Cluster sizing and scaling are two different but related considerations. Sizing is concerned with ensuring the cluster meets the workload requirements for storage and processing throughput. Scaling is concerned with growth of the cluster over time as capacity needs increase. Since Cloudera CDP Private Cloud Base is a parallel scale-out system, some sizing requirements can be addressed through scaling while others must be addressed through node level sizing.
Sizing and scaling of a CDP Private Cloud Base cluster are complex topics that require knowledge of the workloads. This section highlights the main considerations that are involved but does not provide detailed recommendations. Your Dell Technologies or authorized partner sales representative can help with detailed sizing calculations.

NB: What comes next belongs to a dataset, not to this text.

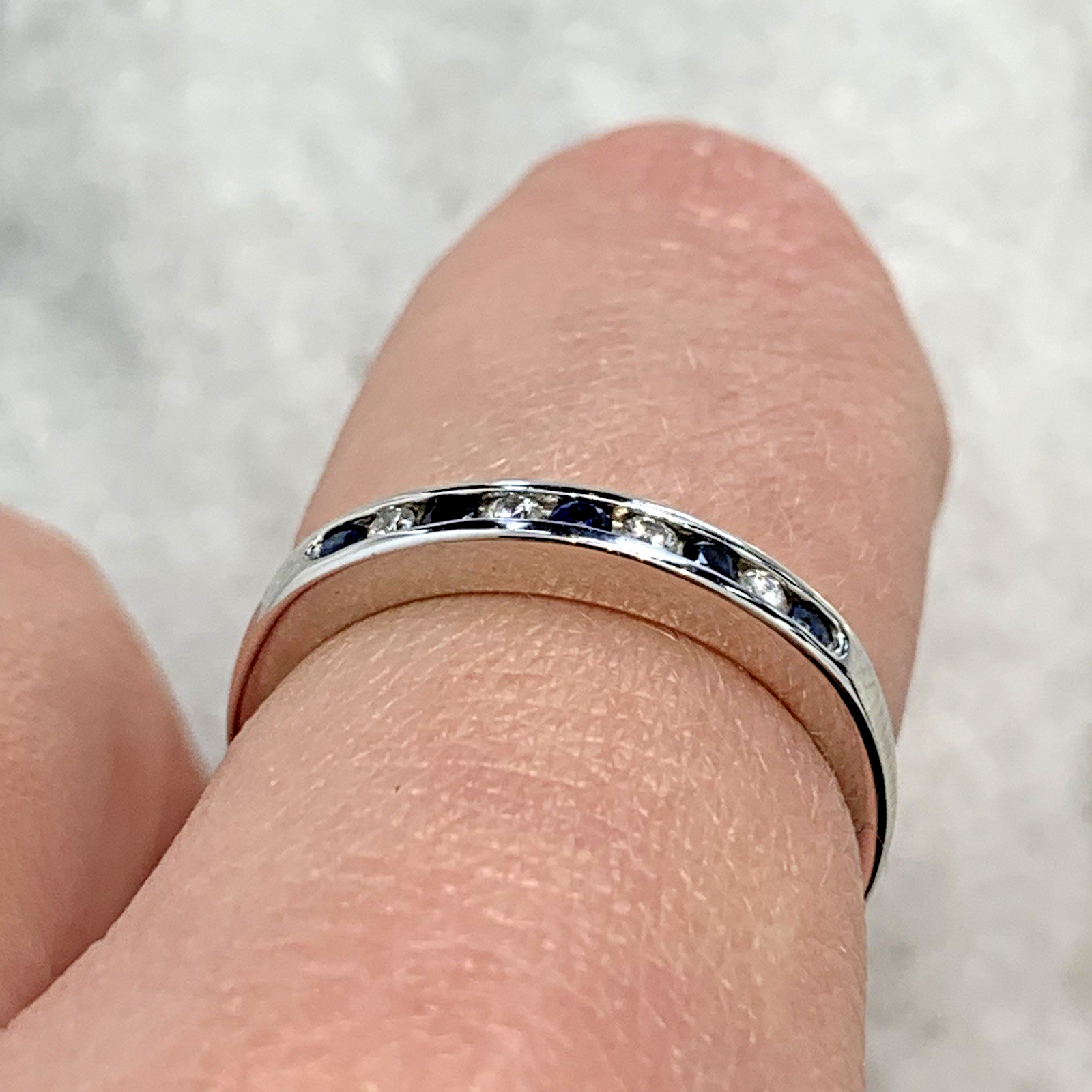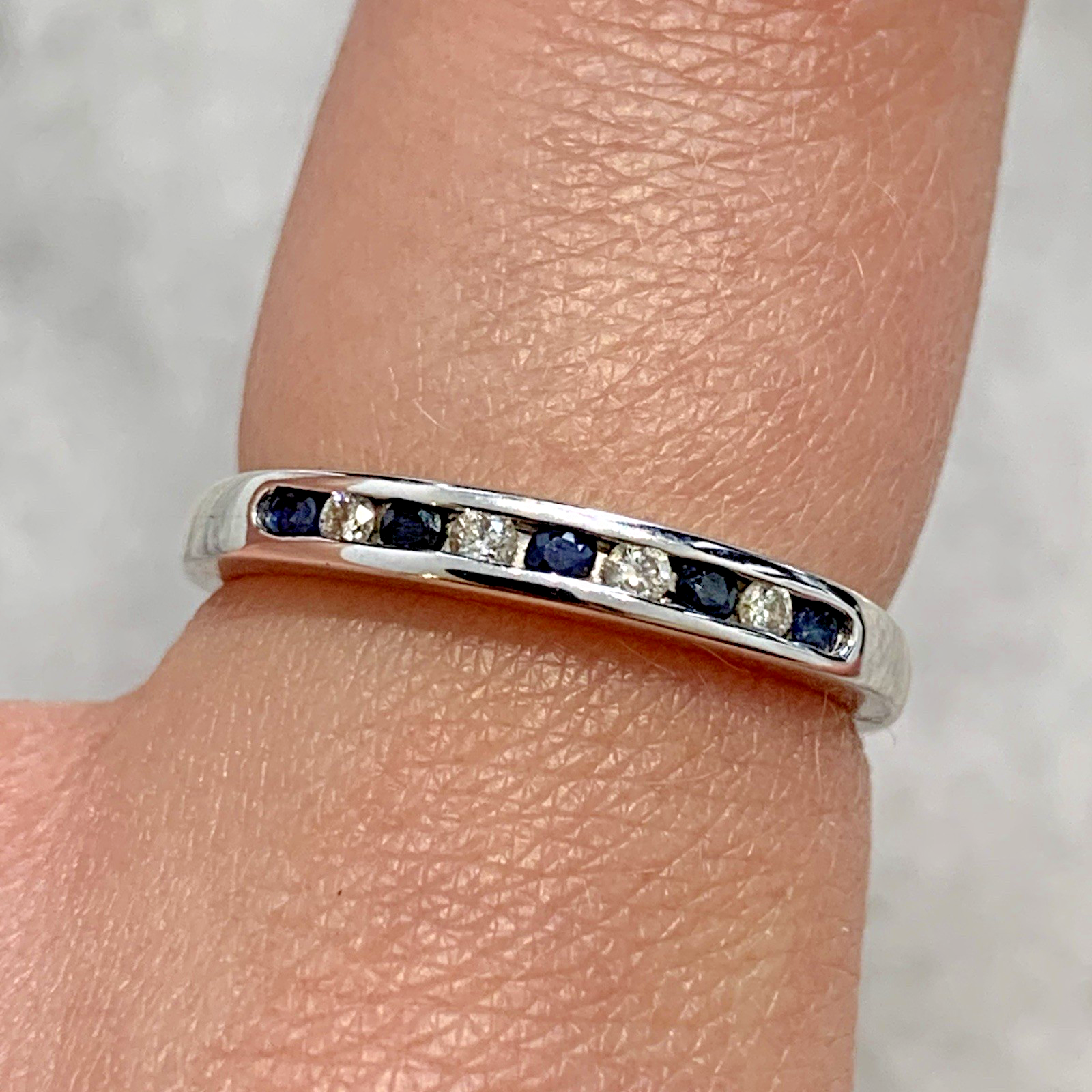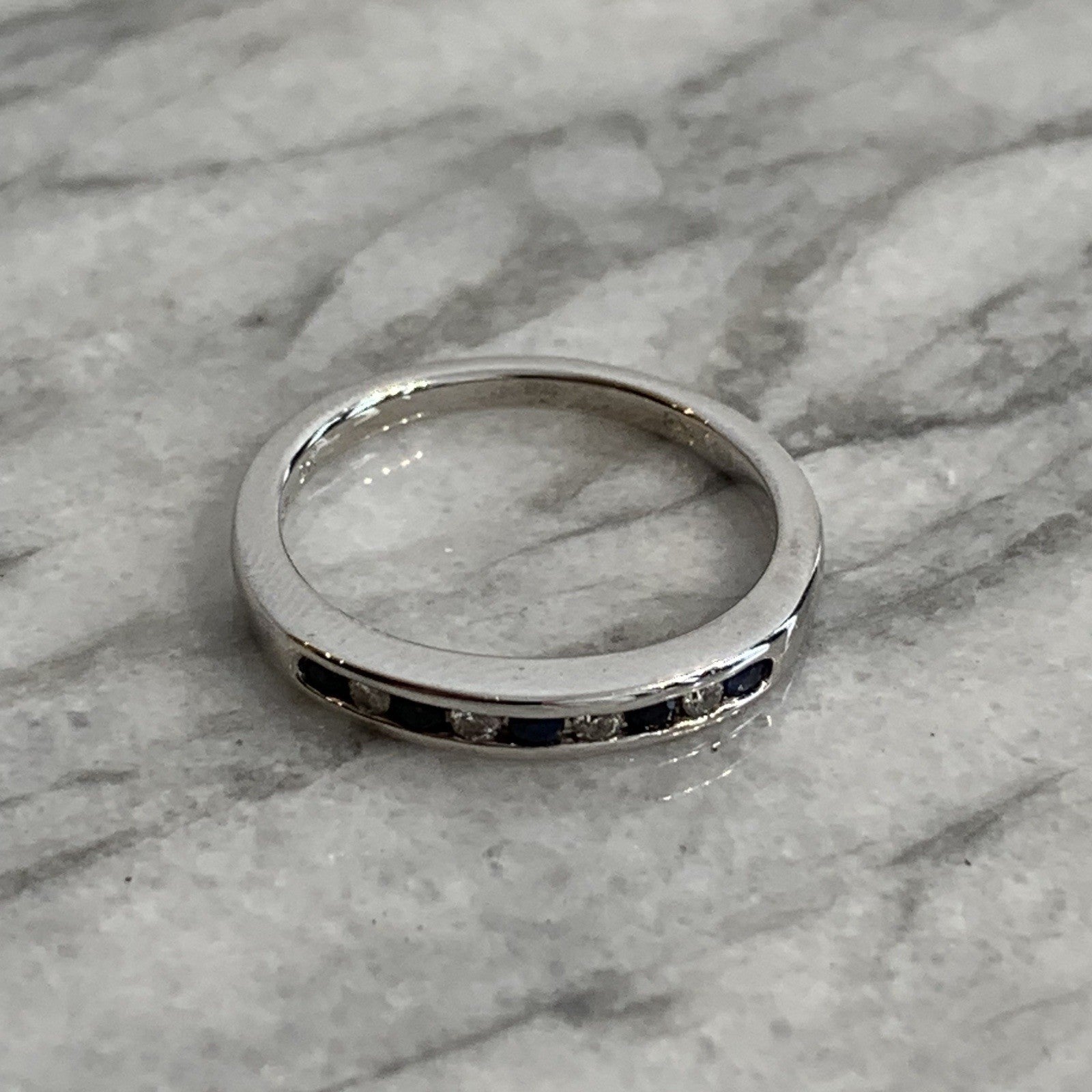 Diamond & Sapphire 9 ct Gold Ring Channel Set Band in 375 White Gold - Size L

There are many parameters that are involved in cluster sizing. The primary parameters are:
- Storage capacity
- Storage capacity is usually the first parameter that is used to size a cluster. Calculating storage capacity is important and straightforward. However, storage capacity should be calculated while taking the other sizing parameters into account to maintain a balance between storage and processing capability.
- Data ingest volumes and growth rates
- Data ingest volume and growth rates each have multiple impacts on cluster sizing. Storage capacity should account for growth due to data ingest and growth of ingest volumes. Data ingest also impacts network utilization of the Edge and Cluster Data networks. The network bandwidth that is required for ingest, and the amount of ingest processing required, determine the number of Edge nodes that the cluster requires.
- Memory and processor capacity
- Memory and processor requirements for jobs running on the cluster must be considered when sizing. Memory and processor capacity increases as nodes are added to the cluster. Workloads like HBase or Spark jobs with large memory requirements may impact sizing of individual nodes in addition to the overall size of the cluster.
- Service level agreements
- Production cluster sizing must meet any performance requirements that service level agreements (SLAs) specify. If there are critical path jobs that must meet a specific execution time or throughput, the cluster sizing and balance between compute and storage may have to be adjusted accordingly. Overall cluster throughput is as important as storage capacity, and often influences the number of nodes independent of the required storage capacity.